| GIVEN ENTRIES |
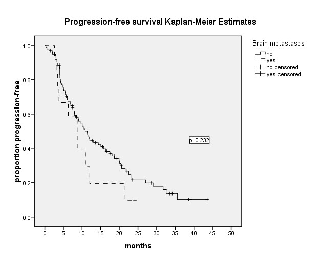 With the advent of these novel agents, extracerebral disease control is enabled in the majority of patients. As patients with BM are endangered by distant metastases rather than brain metastases, we hypothesized that response rates, progression-free survival and overall survival should be similar in patients with and without BM. The aim of this retrospective analysis was to compare the outcome of patients with and without BM since the start of the era of targeted agents and to investigate whether progression of brain metastases is the most limiting factor for overall survival.
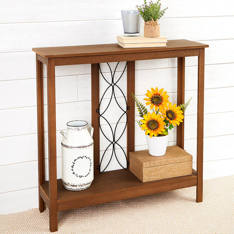 Decorate with the sophistication of a Decorative Wooden Console Table with Metal Scroll Accent or 2-Tier Matching Shelf. Clean, simple lines are accented with graceful metalwork. 2-Tier Arch Wall Shelf shows off your favorite pieces of decor and collectibles. Tuck the Console Table behind a sofa for a little storage or use it in an entryway.
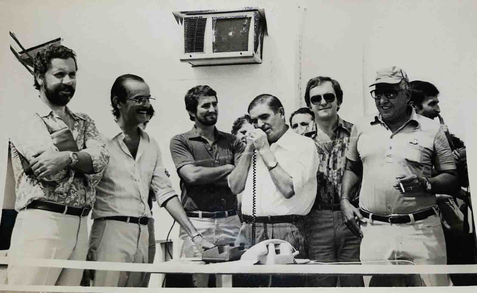 FOTO DO DIA: 1981 - Num ambiente de muita solenidade e grande importância para Rondônia, o município de Ji-Paraná ganhava a partir de então a telefonia pelo sistema DDI – Discagem Direta Internacional. O governador Jorge Teixeira (de boné, à direita), admitiu que um cidadão português ali residente fizesse a ligação de inauguração, para sua casa numa aldeia em Portugal só que, pelo visto, o cidadão fazia tempo que não falava com a parentada, e aí, debaixo de um sol de rachar, ele começou a falar, e haja parentes, enquanto (da esquerda para a direita) o prefeito Assis Canuto, o jornalista Ciro Pinheiro, o engenheiro Noé e o presidente da Teleron Sílvio Santiago, além de Teixeira, pouco mais tinham a fazer do que ficar sorrindo e, talvez secretamente, fazendo uma oração para que o “portuga” decidisse deixar continuar a cerimônia.
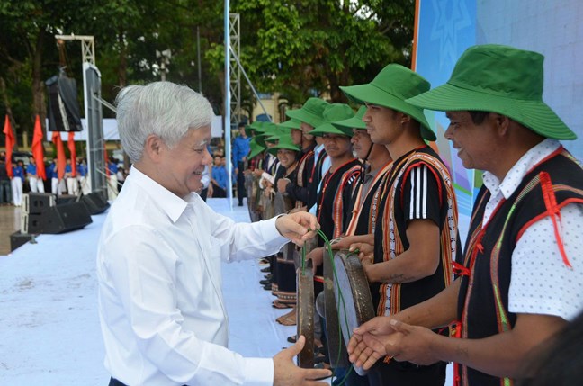 | Chủ tịch Ủy ban Trung ương Mặt trận Tổ quốc Việt Nam Đỗ Văn Chiến tặng 1 bộ cồng chiêng cho xã Nghĩa Hòa (huyện Chư Păh) |
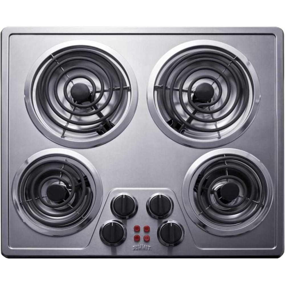 Summit 24" Electric Cooktop, 4 Burners, 208-240V Coil Cooktop, ADA Compliant, Stainless Steel- CR4SS24(24-Inch)
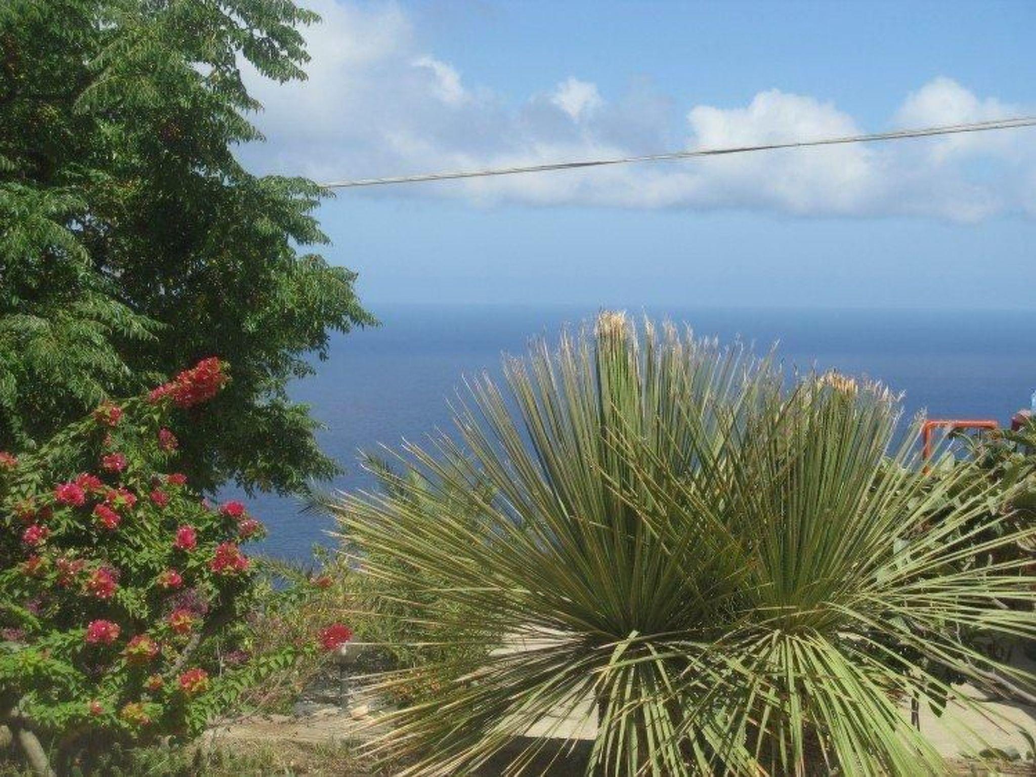 Draußen gibt es eine große möblierte überdachte Terrasse mit einem atemberaubenden Blick auf das Meer.

| EXERCISE |
All lines from the one with "(huyện Chư Păh) |" through the end of the records above must be reproduced exactly, both ends included, and the pictures must be left out.

| REPLY |
 | Chủ tịch Ủy ban Trung ương Mặt trận Tổ quốc Việt Nam Đỗ Văn Chiến tặng 1 bộ cồng chiêng cho xã Nghĩa Hòa (huyện Chư Păh) |
 Summit 24" Electric Cooktop, 4 Burners, 208-240V Coil Cooktop, ADA Compliant, Stainless Steel- CR4SS24(24-Inch)
 Draußen gibt es eine große möblierte überdachte Terrasse mit einem atemberaubenden Blick auf das Meer.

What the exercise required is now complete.